Each piece of paper was supposed to be worth half a million euros. And there were stacks of them.

“Ho-lee,” Al said, leaning closer. “Are these—these are good as cash, right? As long as we hold them, they’re ours?”

McKenna snapped the lid closed. “If you can find someone to buy them,” she said. “And judging by the character of those guys who just tried to kill us back there, I’d say these belong to someone we really don’t want to mess with.”

She looked at Al Parent. “You know what happens if we try to sell these? Some more men with guns track us down, take them from us, probably kill us for good measure.” She shook her head. “No way, boys.

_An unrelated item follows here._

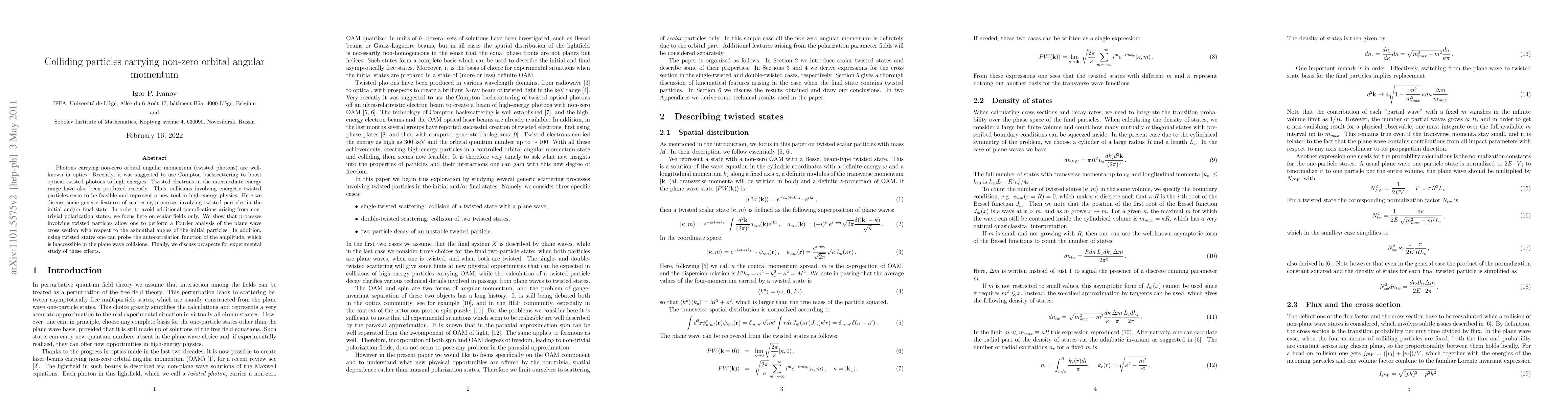 Photons carrying non-zero orbital angular momentum (twisted photons) are well-known in optics. Recently, it was suggested to use Compton backscattering to boost optical twisted photons to high energies. Twisted electrons in the intermediate energy range have also been produced recently. Thus, collisions involving energetic twisted particles seem to be feasible and represent a new tool in high-energy physics. Here we discuss some generic features of scattering processes involving twisted particles in the initial and/or final state. In order to avoid additional complications arising from non-trivial polarization states, we focus here on scalar fields only. We show that processes involving twisted particles allow one to perform a Fourier analysis of the plane wave cross section with respect to the azimuthal angles of the initial particles. In addition, using twisted states one can probe the autocorrelation function of the amplitude, which is inaccessible in the plane wave collisions. Finally, we discuss prospects for experimental study of these effects.

These are bad freaking news.”

Ridley had a look on his face like he’d just found the mother lode. “Okay, skipper, you’re probably right. but just in case, don’t you think we should at least figure out how many of those bonds we’re dealing with here?”

No, McKenna thought, but she knew she was outvoted. She sighed, and opened the case. “Soon as we hit Seattle, we’re turning these in to the authorities, understand?”

“Sure,” Ridley said. “Of course. Let’s just count them first.”

So they counted. McKenna opened the briefcase, and they each took a stack of bonds, and by the time they were through, they’d piled ninety of the certificates on the wheelhouse table.

“Ninety times five hundred thousand,” Jason Parent said. “Shoot, that’s like…”

“Forty-five million euros,” his father finished.

“Right. And how much is a euro worth again?”

Ridley was typing something on his phone. “A euro is equal to approximately a dollar and a nickel. So that puts us—”

“Close to fifty million dollars,” McKenna said. “My god.”

“That’s more than we made for the Lion,” Jason said. “Holy shit.”

Holy shit is right. McKenna was glad suddenly that she knew these men, that her father had hired good crew, that even fifty million dollars piled on her wheelhouse table did nothing to diminish her trust in them.

Still, though, this was a heck of a lot of money.

Ridley was the first to step back from the table. “That’s a hell of a score, lads,” he said, “but it’s the skipper’s call.” He turned to McKenna. “Whatever you decide, this crew will follow, McKenna. You have my word.”

“Thank you.” McKenna knew he wasn’t lying. Still, she could see the conflict on her men’s faces, knew she would hurt a few feelings if she just gave the money away.

Ridley gathered up the bonds. Tucked them back into the briefcase. Rummaged in a locker and came out with a roll of duct tape, taped the briefcase closed. Then he handed it to McKenna.

“All yours,” he told her. “Go with your gut.”

The briefcase felt heavier now, impossibly so, now that McKenna knew the contents within. The weight seemed almost too much to lift.

“We’ve still got a long run to Seattle,” she told the men. “Let me think on this.”